(PROVIDED RECORDS)

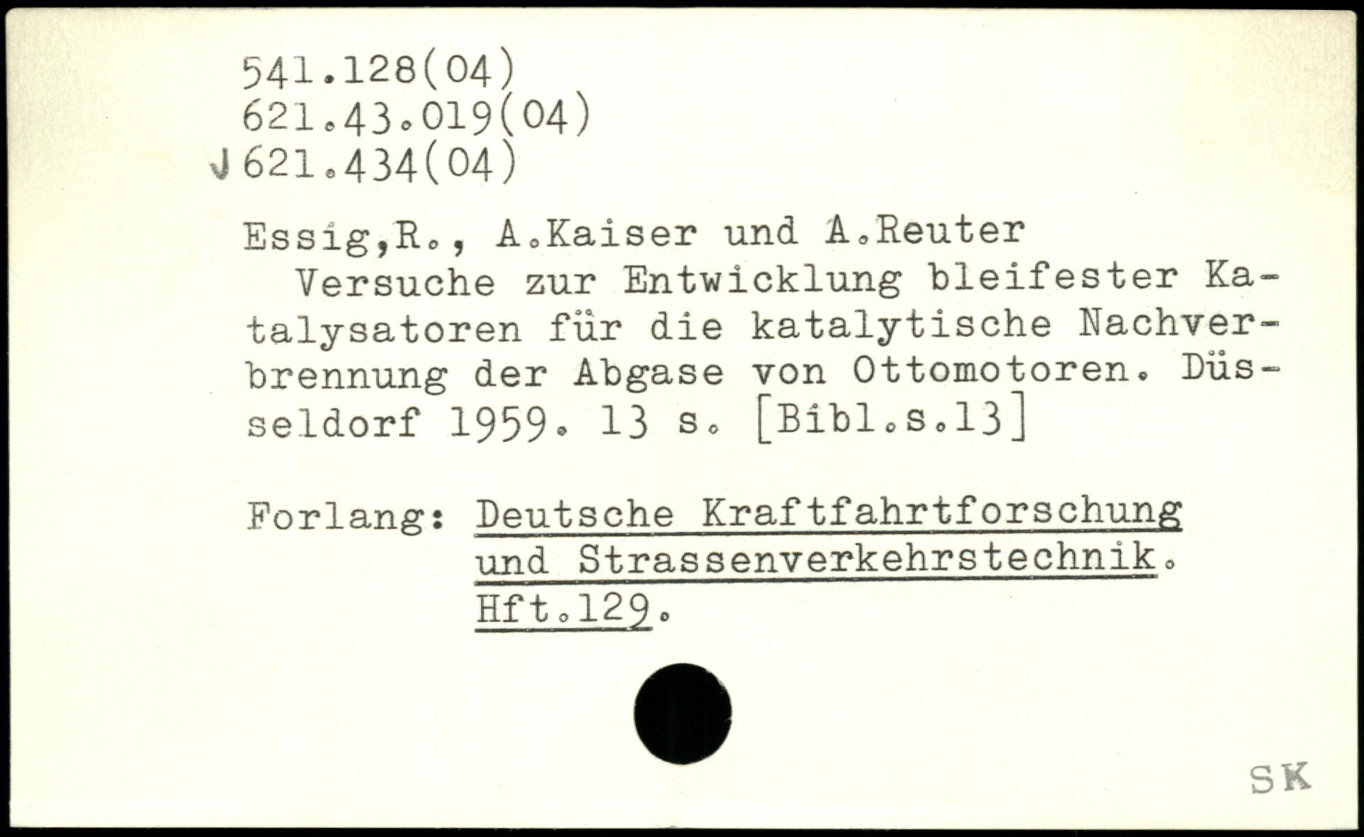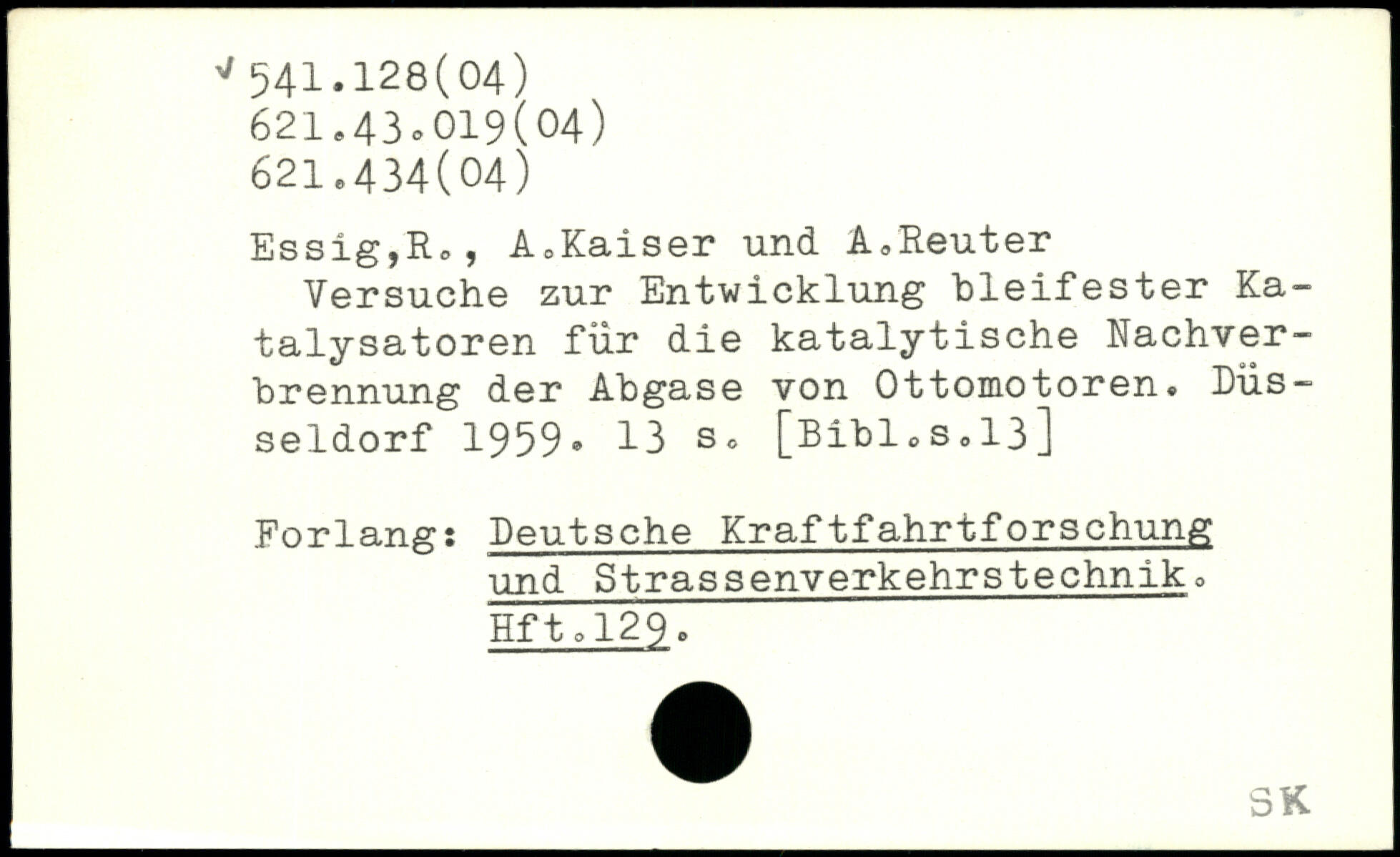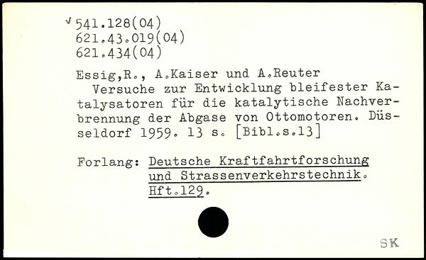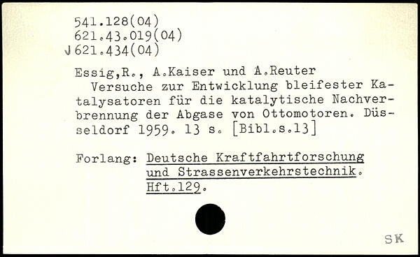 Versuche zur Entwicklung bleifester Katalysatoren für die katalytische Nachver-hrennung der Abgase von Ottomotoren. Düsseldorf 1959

(End PROVIDED RECORDS)
(PROVIDED RECORDS)

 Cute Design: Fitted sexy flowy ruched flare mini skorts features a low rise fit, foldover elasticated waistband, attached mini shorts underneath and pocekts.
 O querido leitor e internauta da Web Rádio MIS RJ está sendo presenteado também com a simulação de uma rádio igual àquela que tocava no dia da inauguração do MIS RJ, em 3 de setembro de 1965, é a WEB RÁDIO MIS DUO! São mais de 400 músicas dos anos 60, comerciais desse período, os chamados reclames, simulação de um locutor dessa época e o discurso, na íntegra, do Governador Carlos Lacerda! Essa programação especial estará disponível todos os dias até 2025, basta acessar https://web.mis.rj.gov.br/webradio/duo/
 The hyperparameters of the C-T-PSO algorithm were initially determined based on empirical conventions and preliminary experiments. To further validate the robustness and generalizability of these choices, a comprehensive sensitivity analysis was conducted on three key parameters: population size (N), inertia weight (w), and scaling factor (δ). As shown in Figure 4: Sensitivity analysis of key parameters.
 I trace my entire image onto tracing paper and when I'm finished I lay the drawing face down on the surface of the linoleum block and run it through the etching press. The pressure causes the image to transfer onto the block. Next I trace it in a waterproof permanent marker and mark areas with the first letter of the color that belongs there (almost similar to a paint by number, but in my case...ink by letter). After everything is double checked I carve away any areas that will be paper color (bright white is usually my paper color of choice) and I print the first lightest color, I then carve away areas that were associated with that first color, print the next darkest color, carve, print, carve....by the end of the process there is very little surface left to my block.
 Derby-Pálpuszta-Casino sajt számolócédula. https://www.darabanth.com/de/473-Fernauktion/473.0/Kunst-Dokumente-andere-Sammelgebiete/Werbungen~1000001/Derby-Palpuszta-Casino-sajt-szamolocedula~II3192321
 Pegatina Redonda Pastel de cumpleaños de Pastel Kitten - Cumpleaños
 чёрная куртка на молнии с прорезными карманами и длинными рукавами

(End PROVIDED RECORDS)
(PROVIDED RECORDS)

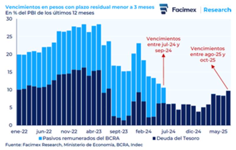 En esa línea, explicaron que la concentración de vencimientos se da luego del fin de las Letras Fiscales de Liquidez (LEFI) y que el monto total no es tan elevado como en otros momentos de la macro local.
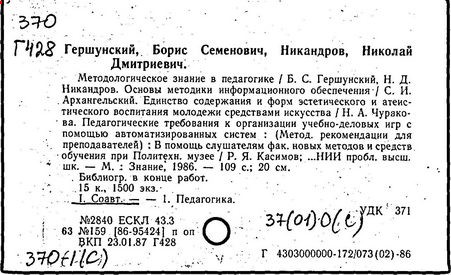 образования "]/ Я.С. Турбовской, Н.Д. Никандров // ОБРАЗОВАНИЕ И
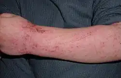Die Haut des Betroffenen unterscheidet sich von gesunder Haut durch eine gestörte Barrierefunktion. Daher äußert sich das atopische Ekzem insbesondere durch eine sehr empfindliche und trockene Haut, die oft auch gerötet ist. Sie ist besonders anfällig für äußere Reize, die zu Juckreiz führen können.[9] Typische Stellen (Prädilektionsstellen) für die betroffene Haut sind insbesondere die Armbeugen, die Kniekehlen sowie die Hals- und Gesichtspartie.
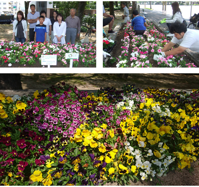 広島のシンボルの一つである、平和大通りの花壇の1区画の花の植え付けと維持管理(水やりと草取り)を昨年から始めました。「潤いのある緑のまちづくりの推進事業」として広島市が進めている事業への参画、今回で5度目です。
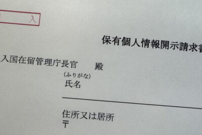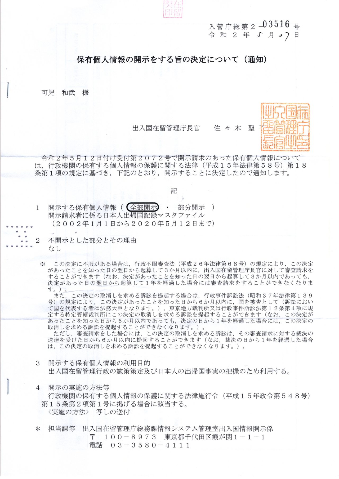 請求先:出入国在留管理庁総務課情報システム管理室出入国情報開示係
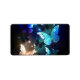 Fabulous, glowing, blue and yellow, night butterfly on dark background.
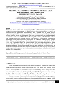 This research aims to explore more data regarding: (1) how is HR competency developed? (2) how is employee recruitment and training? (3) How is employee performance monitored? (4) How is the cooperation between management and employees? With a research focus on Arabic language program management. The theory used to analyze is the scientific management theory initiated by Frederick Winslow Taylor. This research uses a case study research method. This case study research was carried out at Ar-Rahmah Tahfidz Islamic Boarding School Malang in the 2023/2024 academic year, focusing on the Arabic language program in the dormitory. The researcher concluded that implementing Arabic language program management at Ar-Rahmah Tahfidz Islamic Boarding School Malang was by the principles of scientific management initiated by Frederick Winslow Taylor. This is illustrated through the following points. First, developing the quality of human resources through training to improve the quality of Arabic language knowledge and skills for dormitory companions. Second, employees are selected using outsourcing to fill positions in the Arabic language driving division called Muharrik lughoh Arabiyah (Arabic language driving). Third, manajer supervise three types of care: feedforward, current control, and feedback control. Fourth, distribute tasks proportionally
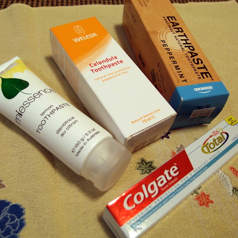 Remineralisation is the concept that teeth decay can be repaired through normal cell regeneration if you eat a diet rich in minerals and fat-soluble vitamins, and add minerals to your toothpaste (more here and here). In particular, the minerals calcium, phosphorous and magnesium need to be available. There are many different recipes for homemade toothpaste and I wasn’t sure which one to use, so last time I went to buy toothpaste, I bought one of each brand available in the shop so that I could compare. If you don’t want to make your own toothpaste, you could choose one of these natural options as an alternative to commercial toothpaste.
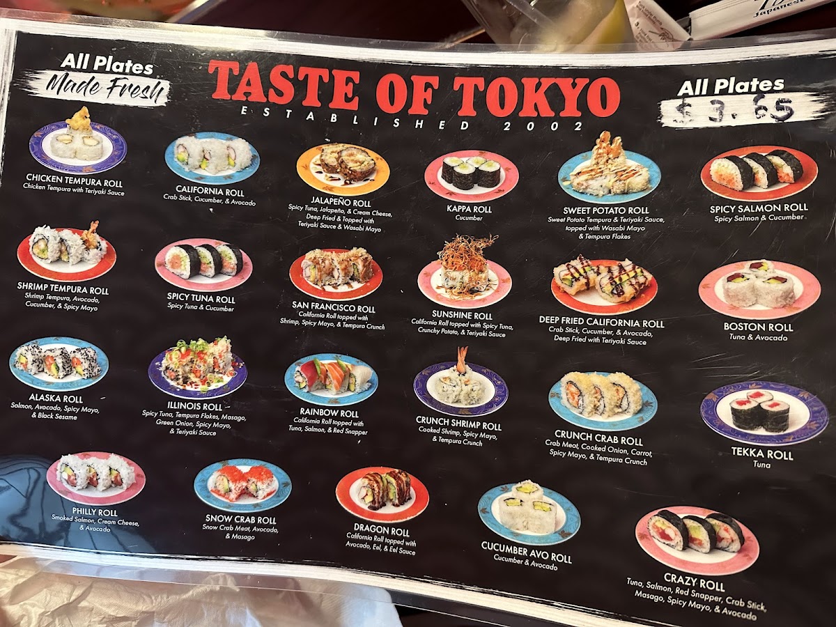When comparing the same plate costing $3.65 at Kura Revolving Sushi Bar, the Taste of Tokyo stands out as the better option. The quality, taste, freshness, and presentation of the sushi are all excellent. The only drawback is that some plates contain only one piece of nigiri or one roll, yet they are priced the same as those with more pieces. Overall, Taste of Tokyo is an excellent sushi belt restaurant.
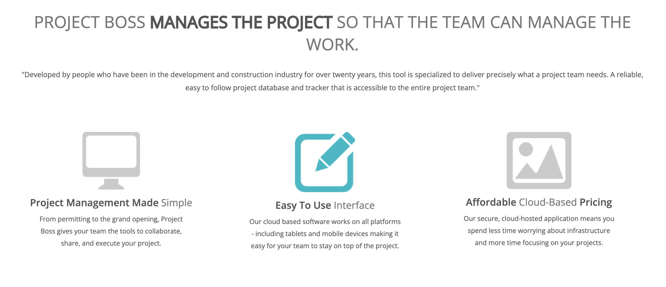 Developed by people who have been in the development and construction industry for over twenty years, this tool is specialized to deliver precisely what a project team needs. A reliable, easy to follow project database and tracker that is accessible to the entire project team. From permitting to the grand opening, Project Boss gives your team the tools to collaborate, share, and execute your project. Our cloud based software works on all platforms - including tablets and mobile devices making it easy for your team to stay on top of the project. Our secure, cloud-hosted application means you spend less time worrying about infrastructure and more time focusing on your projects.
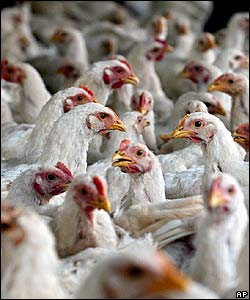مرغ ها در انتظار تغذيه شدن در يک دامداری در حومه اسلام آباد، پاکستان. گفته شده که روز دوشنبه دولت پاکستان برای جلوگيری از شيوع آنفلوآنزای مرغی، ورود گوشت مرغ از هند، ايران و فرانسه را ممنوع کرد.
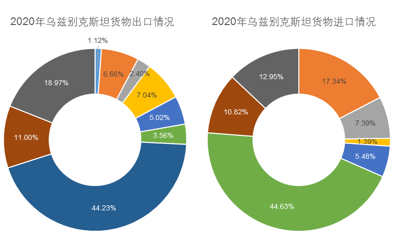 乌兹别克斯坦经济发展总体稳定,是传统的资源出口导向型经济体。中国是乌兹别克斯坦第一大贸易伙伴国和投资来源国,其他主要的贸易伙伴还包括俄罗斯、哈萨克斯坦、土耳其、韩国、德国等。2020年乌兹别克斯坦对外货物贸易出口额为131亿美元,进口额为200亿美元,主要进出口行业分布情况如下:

(End PROVIDED RECORDS)

[TASK]
Look above for the line with "En esa línea, explicaron", then give again exactly every line from there through the line with "Fabulous, glowing, blue", skipping the pictures.

[EXERCISE ANSWER]
 En esa línea, explicaron que la concentración de vencimientos se da luego del fin de las Letras Fiscales de Liquidez (LEFI) y que el monto total no es tan elevado como en otros momentos de la macro local.
 образования "]/ Я.С. Турбовской, Н.Д. Никандров // ОБРАЗОВАНИЕ И
Die Haut des Betroffenen unterscheidet sich von gesunder Haut durch eine gestörte Barrierefunktion. Daher äußert sich das atopische Ekzem insbesondere durch eine sehr empfindliche und trockene Haut, die oft auch gerötet ist. Sie ist besonders anfällig für äußere Reize, die zu Juckreiz führen können.[9] Typische Stellen (Prädilektionsstellen) für die betroffene Haut sind insbesondere die Armbeugen, die Kniekehlen sowie die Hals- und Gesichtspartie.
 広島のシンボルの一つである、平和大通りの花壇の1区画の花の植え付けと維持管理(水やりと草取り)を昨年から始めました。「潤いのある緑のまちづくりの推進事業」として広島市が進めている事業への参画、今回で5度目です。
 請求先:出入国在留管理庁総務課情報システム管理室出入国情報開示係
 Fabulous, glowing, blue and yellow, night butterfly on dark background.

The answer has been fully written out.